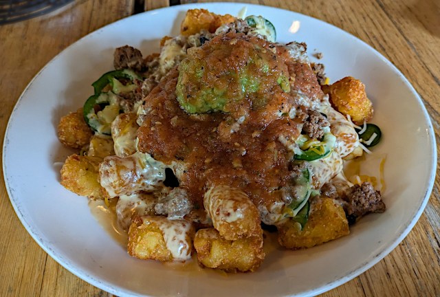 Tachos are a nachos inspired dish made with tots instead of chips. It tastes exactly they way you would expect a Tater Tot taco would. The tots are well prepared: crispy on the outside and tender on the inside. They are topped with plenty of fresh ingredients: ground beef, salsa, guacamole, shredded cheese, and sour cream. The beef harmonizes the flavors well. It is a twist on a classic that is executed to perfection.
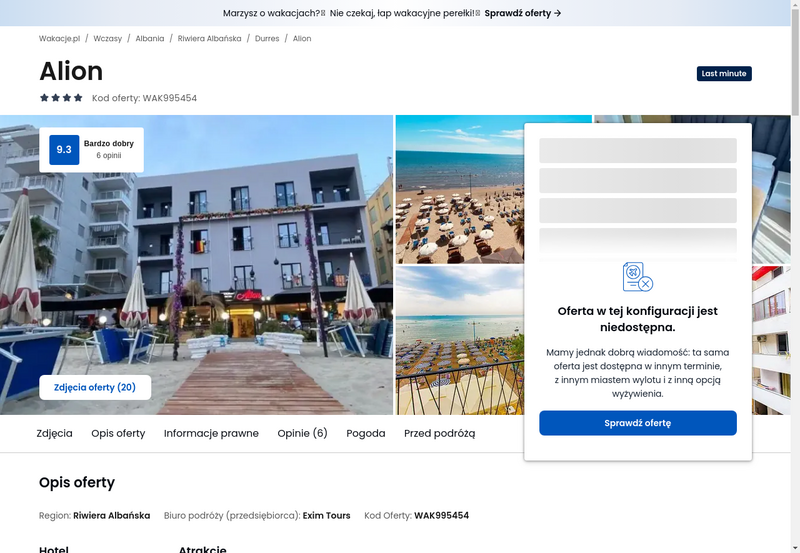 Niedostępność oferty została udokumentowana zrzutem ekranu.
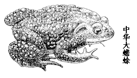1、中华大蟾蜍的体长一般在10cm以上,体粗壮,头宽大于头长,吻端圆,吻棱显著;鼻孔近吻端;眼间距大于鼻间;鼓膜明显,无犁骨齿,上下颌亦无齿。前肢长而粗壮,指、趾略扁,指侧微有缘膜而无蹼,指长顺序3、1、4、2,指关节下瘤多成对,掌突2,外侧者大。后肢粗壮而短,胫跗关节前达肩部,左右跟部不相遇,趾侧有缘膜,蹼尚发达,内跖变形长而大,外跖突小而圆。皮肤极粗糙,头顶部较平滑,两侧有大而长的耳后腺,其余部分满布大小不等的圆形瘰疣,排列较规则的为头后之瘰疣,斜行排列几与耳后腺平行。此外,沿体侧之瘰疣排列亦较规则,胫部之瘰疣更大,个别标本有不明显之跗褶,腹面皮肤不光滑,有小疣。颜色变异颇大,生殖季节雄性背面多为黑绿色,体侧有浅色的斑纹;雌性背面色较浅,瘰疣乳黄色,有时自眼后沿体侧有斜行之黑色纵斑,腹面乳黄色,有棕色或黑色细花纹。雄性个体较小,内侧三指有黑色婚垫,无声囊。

==

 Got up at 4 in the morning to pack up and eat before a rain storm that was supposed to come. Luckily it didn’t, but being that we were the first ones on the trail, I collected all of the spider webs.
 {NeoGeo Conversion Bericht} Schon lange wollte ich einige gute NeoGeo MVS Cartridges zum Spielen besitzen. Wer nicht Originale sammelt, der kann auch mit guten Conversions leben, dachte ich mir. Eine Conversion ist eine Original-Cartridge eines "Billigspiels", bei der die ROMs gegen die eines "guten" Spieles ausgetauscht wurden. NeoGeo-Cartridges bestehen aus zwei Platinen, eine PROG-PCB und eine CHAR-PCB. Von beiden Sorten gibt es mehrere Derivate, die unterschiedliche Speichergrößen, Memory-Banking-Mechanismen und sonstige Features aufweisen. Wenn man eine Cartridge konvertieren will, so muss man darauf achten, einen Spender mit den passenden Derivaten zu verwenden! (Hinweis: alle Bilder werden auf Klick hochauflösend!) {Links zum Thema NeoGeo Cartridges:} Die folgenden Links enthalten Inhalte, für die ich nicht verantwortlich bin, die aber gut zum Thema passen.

## DIRECTIONS FOR THIS TASK:
Copy only the lines above from the one containing "Tachos are a" through the one containing "1、中华大蟾蜍的体长一般在1", both included. Leave out the pictures.

## THE COMPLETED TASK:
 Tachos are a nachos inspired dish made with tots instead of chips. It tastes exactly they way you would expect a Tater Tot taco would. The tots are well prepared: crispy on the outside and tender on the inside. They are topped with plenty of fresh ingredients: ground beef, salsa, guacamole, shredded cheese, and sour cream. The beef harmonizes the flavors well. It is a twist on a classic that is executed to perfection.
 Niedostępność oferty została udokumentowana zrzutem ekranu.
1、中华大蟾蜍的体长一般在10cm以上,体粗壮,头宽大于头长,吻端圆,吻棱显著;鼻孔近吻端;眼间距大于鼻间;鼓膜明显,无犁骨齿,上下颌亦无齿。前肢长而粗壮,指、趾略扁,指侧微有缘膜而无蹼,指长顺序3、1、4、2,指关节下瘤多成对,掌突2,外侧者大。后肢粗壮而短,胫跗关节前达肩部,左右跟部不相遇,趾侧有缘膜,蹼尚发达,内跖变形长而大,外跖突小而圆。皮肤极粗糙,头顶部较平滑,两侧有大而长的耳后腺,其余部分满布大小不等的圆形瘰疣,排列较规则的为头后之瘰疣,斜行排列几与耳后腺平行。此外,沿体侧之瘰疣排列亦较规则,胫部之瘰疣更大,个别标本有不明显之跗褶,腹面皮肤不光滑,有小疣。颜色变异颇大,生殖季节雄性背面多为黑绿色,体侧有浅色的斑纹;雌性背面色较浅,瘰疣乳黄色,有时自眼后沿体侧有斜行之黑色纵斑,腹面乳黄色,有棕色或黑色细花纹。雄性个体较小,内侧三指有黑色婚垫,无声囊。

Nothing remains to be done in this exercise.